- Born: Wanda Heitzman December 20, 1900 Tarnów
- Died: November 30, 1978 (aged 77) Toruń
- Education: Jagiellonian University
- Known for: mycorrhiza; phytopathology; popular science books
- Spouse: Jan Wojciech Zabłocki
- Children: 0
- Scientific career
- Workplaces: Jagiellonian University; Nicolaus Copernicus University
- Thesis: Untersuchungen über die Mykorrhiza bei der Gattung Viola (1925 (PhD) and 1954 (habilitation))
- Doctoral advisor: Władysław Szjnocha

= Wanda Zabłocka =

Polish botanist, phytopathologist, mycologist

Wanda Zabłocka (December 20, 1900 in Tarnów – November 30, 1978 in Toruń) was a Polish botanist, phytopathologist and mycologist. She was a professor at Nicolaus Copernicus University in Toruń (1954–1970). Zabłocka was the author of mycology and phytopathology works, including mycorrhiza of Viola (1935, 1936). She is also the author of several books about fungi for the general public.

==Career==
Zabłocka started doctoral studies at the Jagiellonian University, Kraków supervised by Władysław Szjnocha (maybe geologist Władysław Szajnocha) while teaching in the State Gymnasium for Girls for financial support. In 1925 she was awarded her doctorate. She was then employed as a senior assistant in the Department of Botany of the Faculty of Agriculture and supervised laboratory classes. Later, she visited the Institute of Botany and the Natural History Museum in Vienna and the Natural History Museum in Paris to further her research. In the mide-1930s she published on mycorrhizal fungi that formed symbiotic relationships with the plant genus Viola.

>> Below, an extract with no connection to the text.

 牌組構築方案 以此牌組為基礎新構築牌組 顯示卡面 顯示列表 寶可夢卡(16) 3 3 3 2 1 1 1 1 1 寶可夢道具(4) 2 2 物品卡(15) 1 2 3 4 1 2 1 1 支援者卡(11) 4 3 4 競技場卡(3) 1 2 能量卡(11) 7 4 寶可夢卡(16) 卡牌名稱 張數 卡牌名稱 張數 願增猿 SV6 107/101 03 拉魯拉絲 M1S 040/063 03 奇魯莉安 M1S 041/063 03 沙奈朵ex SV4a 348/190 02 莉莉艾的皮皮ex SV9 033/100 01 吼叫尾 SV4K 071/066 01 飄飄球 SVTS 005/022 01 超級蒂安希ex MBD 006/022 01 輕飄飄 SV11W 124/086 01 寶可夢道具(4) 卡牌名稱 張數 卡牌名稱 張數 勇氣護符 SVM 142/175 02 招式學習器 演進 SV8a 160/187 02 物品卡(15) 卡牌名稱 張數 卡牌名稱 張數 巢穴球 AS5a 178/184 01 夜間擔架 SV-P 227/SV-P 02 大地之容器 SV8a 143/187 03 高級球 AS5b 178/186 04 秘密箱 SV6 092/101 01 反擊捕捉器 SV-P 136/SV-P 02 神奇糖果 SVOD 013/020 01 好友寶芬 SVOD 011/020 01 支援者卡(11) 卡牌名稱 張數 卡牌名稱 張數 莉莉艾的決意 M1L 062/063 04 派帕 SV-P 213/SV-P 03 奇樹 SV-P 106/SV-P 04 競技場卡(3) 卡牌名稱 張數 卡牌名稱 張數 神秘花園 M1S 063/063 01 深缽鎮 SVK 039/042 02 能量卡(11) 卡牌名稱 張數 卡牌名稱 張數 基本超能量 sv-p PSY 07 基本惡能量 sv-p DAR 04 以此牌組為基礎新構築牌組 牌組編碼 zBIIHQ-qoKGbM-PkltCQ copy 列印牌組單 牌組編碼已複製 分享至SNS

During the Second World War, she took an active part in securing and storing the property of the university.

In 1945, she defended her habilitation thesis on her mycorrhizal research and the following year moved to the Nicolaus Copernicus University in Toruń. She was involved in establishing the Department of General Botany and Department of Microbiology. She became Head of the Department of Mycology. She was promoted to professor in 1954. She retired in 1970.

She initiated the Phytopathology Laboratories at the Experimental Centre of Applied Biology in the village of Koniczynka.

Zabłocka specialized in mycology and phytopathology. Her most important research concerned Gasteromycetes, Hypholoma and mycorrhiza. She also made mycology more accessible to the public through publishing the first scientific guide to mushrooms in Polish (1949) and a book on parasitic fungi in 1950.

She collected specimens for the university's herbarium. Some remain at the Nicolaus Copernicus University while others have been transferred to the Herbarium of the University of Warsaw.

==Awards==
Zabłocka was awarded the Medal for Long Service, the Gold Cross of Merit, the Knight's Cross of the Order of Polonia Restituta and the Gold Badge of the Nicolaus Copernicus University.

==Early and personal life==
Wanda Heitzman was born December 20, 1900, in Tarnów in what was then the Kingdom of Galicia and Lodomeria in the Austro-Hungarian Empire. She attended secondary school in Kraków and in 1918 she passed the school-leaving examination with honours. She then took a one-year horticulture course at the Faculty of Agriculture of the Jagiellonian University in Kraków. She continued her studies and in 1923 graduated in natural science from the Faculty of Philosophy.

In September 1925 she married fellow botanist Jan Wojciech Zabłocki.